Podawanie widełków dochodowych popieram, ustalanie kwoty z góry nie. Pracownicy to nie jajka w hurcie, nie można ich kasować na sztuki. Każdy będzie miał inne kwalifikacje i umiejętności, więc albo będziesz tworzyć osobne stanowisko pod każdego, albo ludzie na tych samych stanowiskach będą rozróżniani stażem. U programistów często rozróżnia się juniora, mediora i seniora, a w praktyce jest to płynna skala i na każdym z tych poziomów firmy mają swoje widełki. Maksymalna stawka mediora może przekroczyć minimalną seniora jeśli chociażby różnią się umiejętnościami. Jeden lepiej sobie radzi z prowadzeniem projektu, a drugi jest geniuszem jeśli chodzi o analizę systemów. Taki geniusz jest dużo warty, ale nie spełnia wymogów seniora - senior musi umieć organizować pracę sobie i innym. To jednak nie znaczy, że nie zasłużył na dobrą pensję. Nadrabia wydajnością i umiejętnościami. Rozumiem, że na kasę do biedronki to jeden pies, różnica najwyżej w tym jak szybko będziesz kasować. Ewentualnie jak sobie radzisz z wykładaniem palet na regały. Widełki duże nie będą. Przy większościach zawodów jednak można rozróżnić osoby o różnych umiejętnościach i zwyczajnie nie da się ustalić stawki z góry. Tak czy srak powinni podawać chociaż widełki. Pozdrawiam tu Dolby Digital, które zaproponowało mi połowę mojej stawki gdy zmieniałem pracę (i jakoś 1/8 mojej obecnej stawki). Tak to jest jak doświadczenie liczy się w latach, a nie umiejętnościach.

Odpowiedz
avatar Borsuk231
1 1

@ZONTAR Widełki też mają plus ujemny. "No, u nas programiści zarabiają od 3 do 15 tysięcy. Ty dostaniesz 3". No ja bym się obraził :P

Odpowiedz
avatar ZONTAR
-2 2

@Borsuk231: Wtedy powinieneś zastanowić się skąd tak niska stawka, a nie obrażać się za to, że ktoś oszacował Twoją wartość tak nisko. Wyżej wspomniane Dolby nie podawało widełków stawek w ofercie, ale jeszcze przed wybraniem się na pełną rozmowę zapytałem ich o kryteria rekrutacji i widełki. Powód był prosty, jak oferują niskie stawki, to nawet nie zamierzam iść na rozmowę. W efekcie dostałem odpowiedź, że pensje są ściśnie związane z udokumentowanym stażem pracy i to jest główny wyznacznik.
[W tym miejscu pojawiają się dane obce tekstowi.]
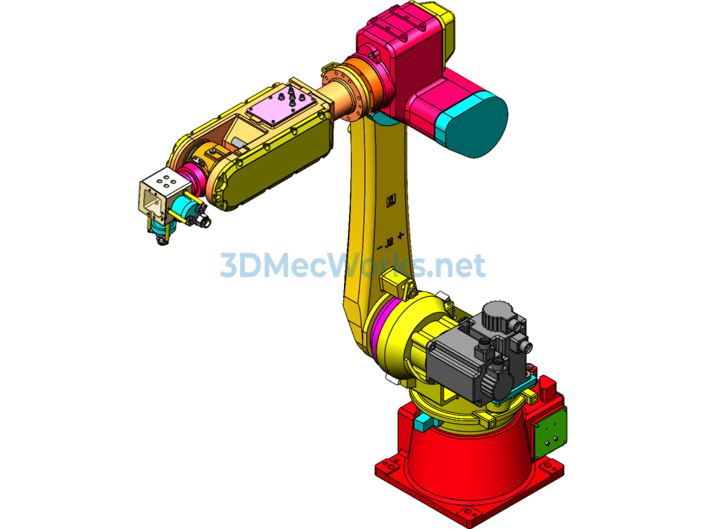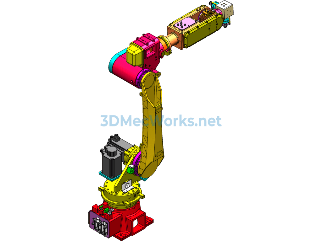 Aifute (ER20-C10) six-axis industrial robot, modeled in SolidWorks 2013, with parameters and editable features. This comprehensive drawing set includes the 6-joint robot body, harmonic reducer, RV reducer, Delta servo motor, pulleys, and mechanical gripper. The joint robot, also known as the articulated arm robot or articulated mechanical arm, is one of the most common forms of industrial robots in today’s industrial fields. It is suitable for mechanical automation tasks in various industrial fields, such as automatic assembly, painting, handling, welding, and more. Feel free to download and learn if interested.
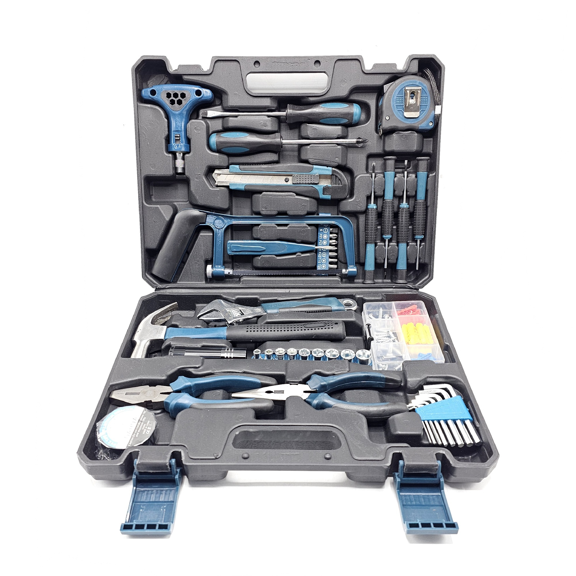 محتویات مجموعه: آچار آلن, آچار بکس, آچار فرانسه, انبر دم باریک, انبردست, پیچ, پیچ گوشتی, تیغ کاتر, چراغ قوه, چسب, چکش, رولپلاک, سری بکس

Wtedy miałem bodajże 4 lata doświadczenia w branży, więc w porównaniu do ludzi z 20-30 letnim stażem proponowali mi śmiesznie niską stawkę. Niższą niż durnowata Nokia, w której też miałem śmiesznie niską stawkę. Z drugiej strony dostałem dwukrotną przebitkę w pensji idąc do innej firmy, która bardziej ceni sobie zaangażowanie i umiejętności od sztucznych wskaźników jak tytuł czy lata pracy w branży.

Odpowiedz
avatar zerco
-3 5

Jakby ludzie nie byli tacy pazerni (zarówno szefowie jak i pracownicy) to takich problemów byśmy nie mieli. W mojej firmie płacą ci za to, że idziesz na urlop. I jeszcze ci każą iść na urlop! Paranoja jakaś. Nie dość, że nie ma cie pół miesiąca to jeszcze dostajesz pełne wynagrodzenie jakbyś był, i jeszcze dodatkowo dorzucają ci jakiś ekwiwalent za urlop czy jak to się nazywa. Zawsze tak źle się czuję gdy idę na urlop. Jakbym okradał firmę. Kiedyś pracownicy założyli związek zawodowy i takie coś wywalczyli. Paranoja jakaś. Na wszelki wypadek nie wydaję tego gdyby po kilku latach okazało się, że jednak trzeba oddać.